It’s a sad fact of life: Some developers struggle when they get promoted into a management position. Despite their best intentions, these management newbies stick with what they know and end up engaging in behaviors that drive their team nuts (and hinder the development process).
Here’s a look at the most common mistakes made by developers-turned-managers who can’t fully let go of their developer habits, as well as some things they can do to take charge and “manage up.”
The Hero Syndrome
Rather than giving teams the opportunity to figure out solutions to problems and learn from failures, insecure managers with a hero syndrome insist on stepping in and solving every problem that comes along.
It’s almost as if they want to satisfy their own ego, or are jealous of others’ successes, observed Thiago Duarte, development team lead for Toggle. They thrive on being the only one who can solve a particular problem.
Instead of being frustrated, summon the courage to discuss the issue with your boss. Just make sure to provide constructive feedback—not criticism. “Address the situation objectively,” Duarte advised. “Provide examples; then, walk your manager through the consequences of his behavior and explain how it makes you feel.”
After all, the top priority of any manager is to grow their people. When they solve all of their team’s problems for them, the rising stars will become disillusioned and demoralized—and leave.
Not Giving Developers Clear Direction
Managers who move up from technical lead often struggle to provide clear direction, explained John Sonmez, founder and CEO of Simple Programmer and author of “The Complete Software Developer’s Career Guide.”
They are used to leading by example and not having authority, so when they become managers, they don’t understand that they are responsible for defining tasks, setting deadlines, and, when necessary, laying down the law.
Getting decisions and direction in writing can help to avoid confusion, Sonmez advised. When choices need to be made, consider emailing your boss a list of options, then ask her to decide and respond in writing. If you end up discussing the team’s priorities and direction, always confirm any verbal agreements in writing.
Many new bosses are too hands-on because they are afraid to delegate.
They are insecure and paranoid that things won’t get done, so they do things such as schedule status meetings several times a week, explained Neil Green, a principal architect and author of Neil on Software.
Obviously, you can’t tell your boss what to do. In light of that, your goal is to convince them to stop intervening and let you do your job. How? Green says the key to managing up a micromanaging boss can be summed up in one word: persuasion. You want to persuade them to stop the meeting madness (or whatever other action is driving everyone insane).

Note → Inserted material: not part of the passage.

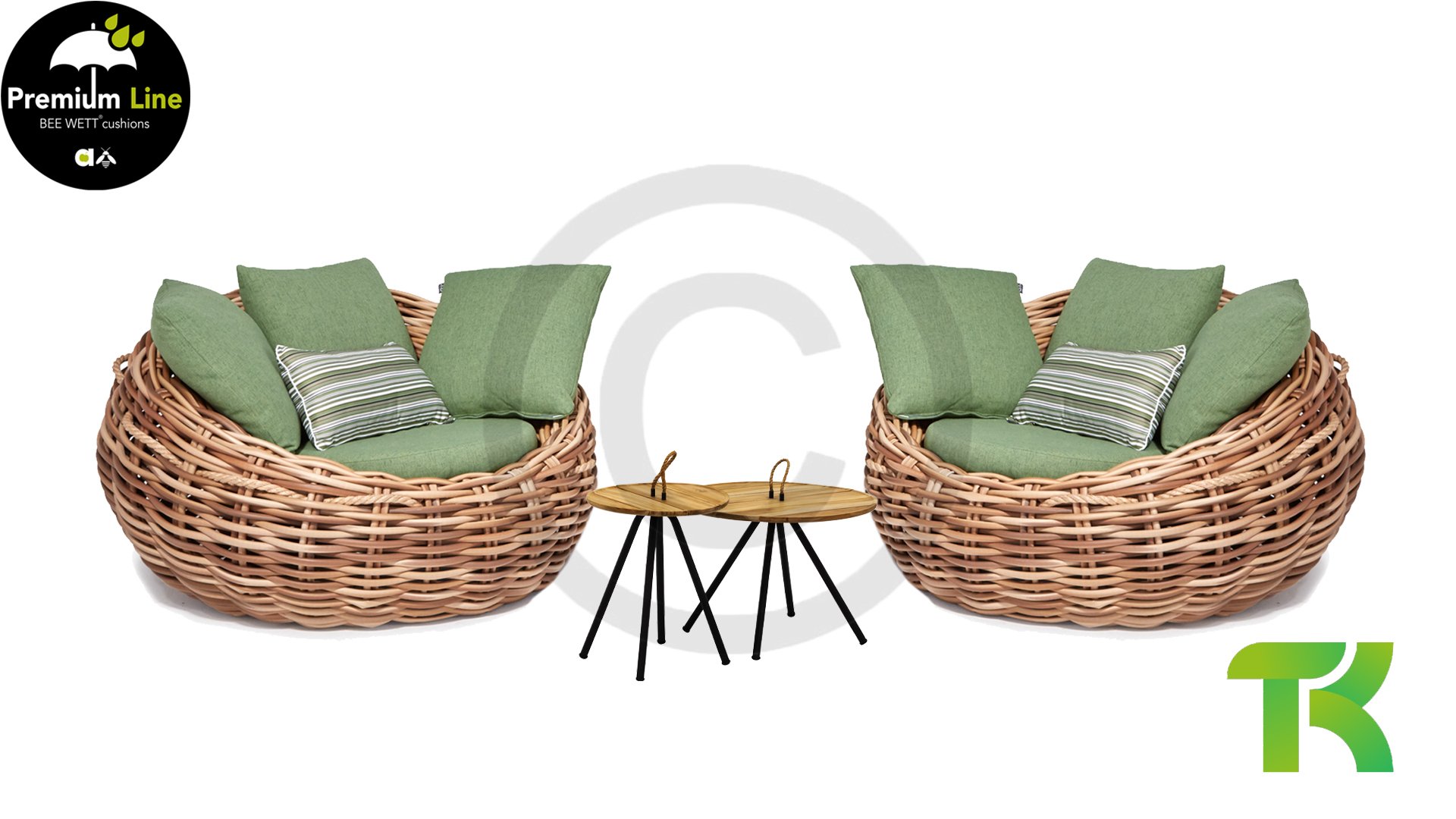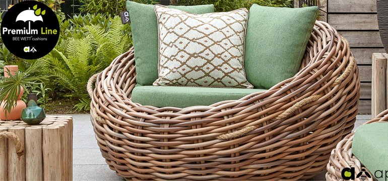 Applebee Cocoon ist inspiriert durch den sicheren Kokon, in dem sich eine Raupe geborgen fühlt und sich in einen wunderschönen Schmetterling verwandelt. Wunderschöne grüne Loungekissen – optional mit Bee-Wett®-Technologie – in Kombination mit dem außergewöhnlich dicken geflochtenen Biculair®-Flechtfaden in 20mm Stärke.

Get your manager to talk about why the meetings are necessary, then genuinely listen to their concerns and rationale. For instance, a new boss might be scrutinized by a senior manager, and that stress is “rolling downhill” to your boss’s team.
Next, use the Socratic method technique of asking questions to help your manager understand their impact, allay their fears, and reconsider their decisions. “Ask something like: ‘Gee, boss, are we really going to lose our jobs if we miss this deadline?’” Green suggested. Don’t expect an on-the-spot decision or answer, though. Plant the seeds of change, then walk away.
Former developers often gravitate back to what they know, leading to mixed results.
When managers who are excellent coders code alongside the team, their knowledge and efforts are appreciated, and everyone benefits. But when someone who wasn’t a great coder gets promoted, then constantly injects himself into the development process, it can become a nightmare for the rest of the team.
Guide your boss back to doing their job, freeing you to do yours, by suggesting new ways to help the team. For instance, ask your boss to resolve issues with external clients, product managers or stakeholders who keep changing their minds and the requirements.
Sometimes new managers insist on weighing in on every decision (even minor ones); before you know it, they create a bottleneck in the development process by making slow decisions.
Nudge your overstepping boss in the direction you want him to go (and show that you are capable) by making decisions, then presenting him with the evidence and research you considered.
If that doesn’t work, Sonmez says, it’s better to ask for forgiveness than permission. Take the power back by making the decisions you need to make. At the same time, cover your bases by outlining your decision in an email and concluding: “Unless I hear otherwise, we’ll go ahead and implement this on Friday.”